Ralph E. Luker - 2/18/2004

Yes, of course, I've seen "Who's Afraid of Virginia Wolfe" -- tho it's been so long ago that I don't recall all the details and hadn't recalled that the young prof was a biologist.
On your second point, I have elsewhere argued that stereotypes have their sting precisely because they have a grain of truth in them. If they didn't, they would not hurt and we would not recognize them as stereotypes.
Other employment areas, such as medics, are apparently more prone to drug abuse because of ready access to drugs.


Grant W Jones - 2/18/2004

Oh my, Well is a drunk, passed out liberal academic more intelligent than a sober conservative at the Heritage? Seriously, I'm just kidding around. But have you seen the movie with Richard Burton and Liz Taylor? The young professor is a biologist and Richard Burton plays ,wait for it, a burnt out historian. So your post just struck that image in my memory banks.

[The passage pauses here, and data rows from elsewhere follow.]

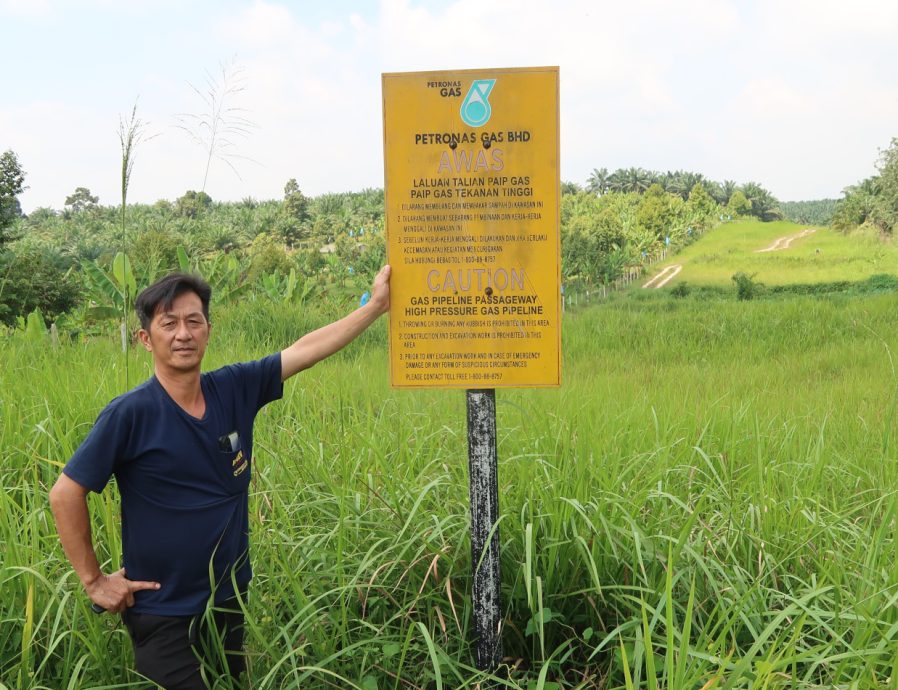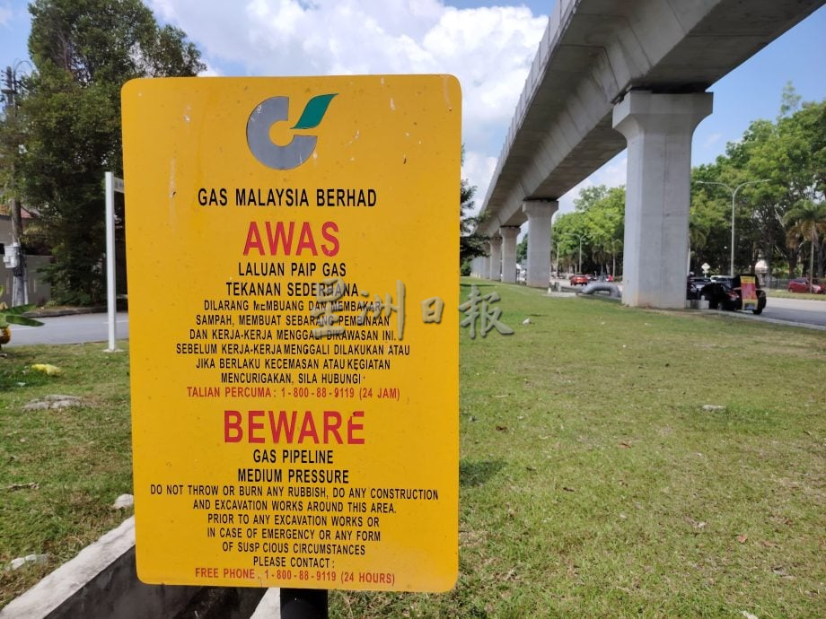 天然气管道范围竖立告示牌,严禁任何挖掘工程焚烧和丢垃圾。梳邦再也市政厅日前也禁止居民在相关范围种植农作物。(罗忆雯摄)
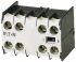 Hilfsschalterbaustein, mit zwangsgeführten Kontakten, Schaltglieder nach EN 50005, Schaltglieder nach EN 50012 sind zu bevorzugen. Kombinationen der Ausführung E entsprechen EN 50011 und sind zu bevorzugen. Funktion: für Standardanwendungen, 4-polig, Anschlusstechnik: Schraubklemmen, Bemessungsbetriebsstrom AC-15 220 V 230 V 240 V: Ie= 4 A, Bemessungsbetriebsstrom AC-15 380 V 400 V 415 V: Ie= 2 A, Kontakte S = Schließer: 4 S, Montagetyp: Frontbefestigung, verwendbar für: DILEM-10(-G)( ), DILEM-01(-G)( ), DILEM-4(-G)( ), DILER40(-G), DILER31(-G), DILER22, DILEEM-10(-G)( ), DILEEM-01(-G)( )
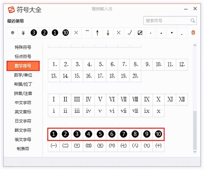 最佳答案操作步骤1.将鼠标光标定位到要输入数字序号的地方,将输入法切换为搜狗拼音输入法,单击输入法状态栏最右侧的“工具箱”按钮(四方格)。2.在打开的“搜狗工具箱”窗口中,单击列表中的“符号大全”。3.在弹出的“符号大全”窗口中,单击左侧列表中的“数字序号”,在右侧向下滑动鼠标找到黑底白字......
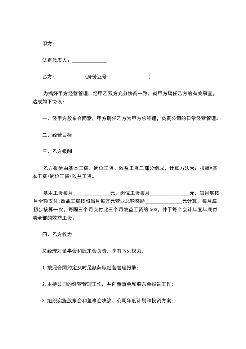 一、经甲方股东会同意,甲方聘任乙方为甲方总经理,负责公司的日常经营管理。
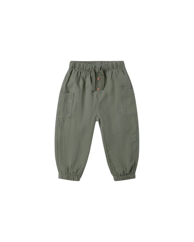 Comfortable corduroy pants with an elastic waistband and leg openings, adjustable drawstring, and side patch pockets.
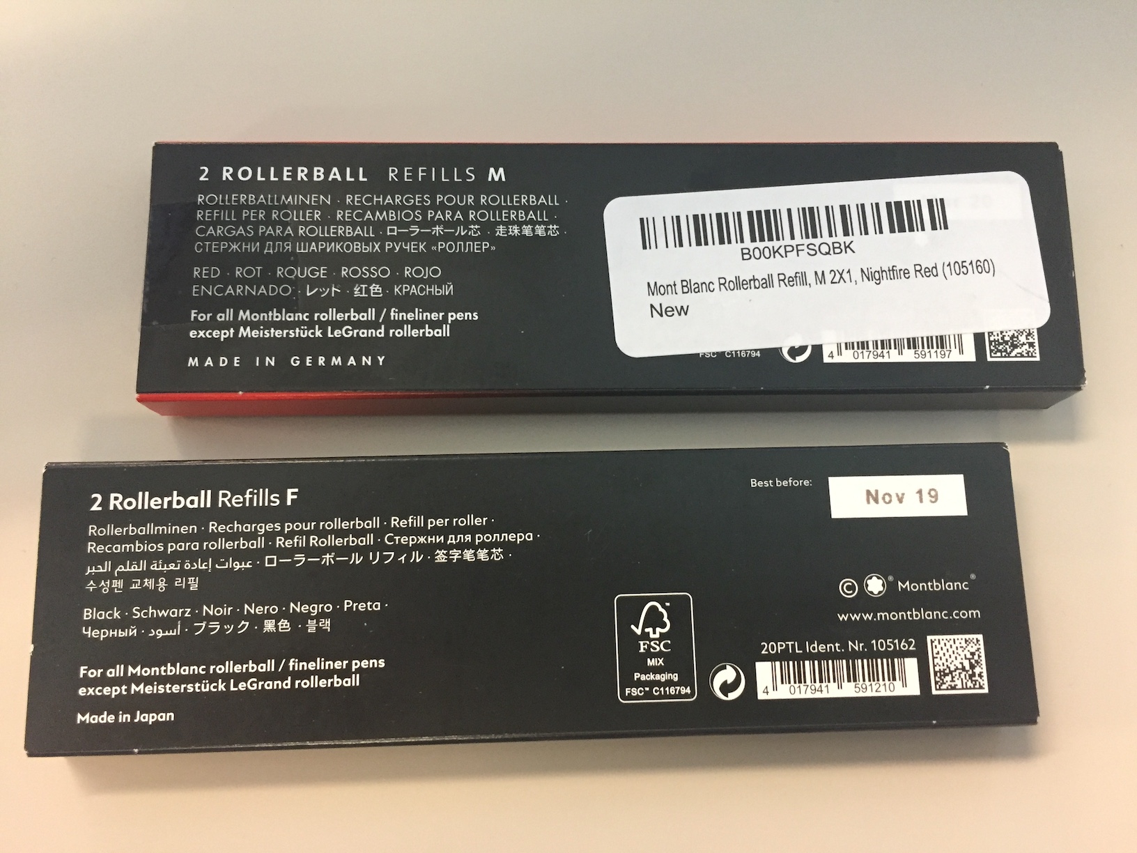 참고로 ballpoint pen은 우리가 흔히 말하는 볼펜이니까 혼동하지 않도록 주의하자. 위에 박스를 보니까 리필이 최소한 두군데서 생산되는 것을 볼 수 있다. 검은펜심은 일본에서 생산되었고, 빨간펜심은 독일에서 생산됐다. 나중에 써보니까 독일 펜심이 좀 더 오래가는 것 같았다. 그리고 펜 굵기는 검은펜은 F (fine; 가늚), 빨간펜은 M (medium; 중간)으로 샀다.

Some stereotypes have a grain of truth, and America is Drunk Country. Generally speaking it seems that some employment areas are more prone to alcohol abuse than others, I hope academia isn't one of them.


Ralph E. Luker - 2/18/2004

I'm not sure how you mean this. I refer to one alcoholic in my post. I wouldn't generalize from this single example to "alcoholic academics." Some academics are generously compensated. Many academics live on quite modest means.


Grant W Jones - 2/18/2004

Yep, these alcoholic academics need a wage increase.